The Sands' demise brought a touch of melancholy to Rickles, one of the Rat Pack's favorite comedians.
"I miss most the camaraderie, the friends, the great times, the schmoozing," Rickles said. "Now that's pretty much over."
In the 1950s and '60s, the Sands was among the small number of hotel-casinos dominating the Las Vegas Strip. It opened as a 200-room hotel in 1952, adding a 500-room tower in 1965.
But with the emergence of 3,000- to 5,000-room megahotels beginning in 1989, the Sands found itself competing against resorts shaped like a space needle topped by the world's highest roller coaster, an Egyptian pyramid and a medieval castle, as well as laser extravaganzas, magic acts and swashbuckling pirate shows.
"I'm sorry we have to tear down the Sands, but it's no longer competitive," Adelson said Tuesday. "The closing will be bittersweet."
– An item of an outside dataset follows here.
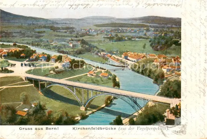 Bern_BE Kirchenfeldbruecke aus der Vogelperspektive Bern_BE postalisch gelaufen 1903 Erhaltung siehe scans [FriedD77] Frierer

From its opening Dec. 15, 1952, the giant Sands marquee has featured a who's who in entertainment, including Milton Berle, Lena Horne, Red Buttons, Tallulah Bankhead, Danny Thomas, Nat King Cole, Louis Armstrong, Rosemary Clooney, Johnny Ray, Johnny Mathis, Jerry Lewis, Paul Anka, Red Skelton, Kaye Starr, Wayne Newton, Alan King and Lola Falana.
But it was the Rat Pack - Sinatra, Sammy Davis Jr., Martin, Peter Lawford and Bishop - that generated entertainment electricity when it appeared at the Sands.
"When they were here, the whole world came to see them," said Jeanie Gardner, a cocktail waitress and former Copa Girl at the Sands. "People literally flew in from all over the world just to see them. The Sands was the shining symbol of the world's greatest entertainment."
Rickles was an up-and-coming lounge act in the late 1950s. One time Sinatra had two police officers walk on stage while Rickles was performing at the Sahara, carry him off, and lock him in a room at the Sands.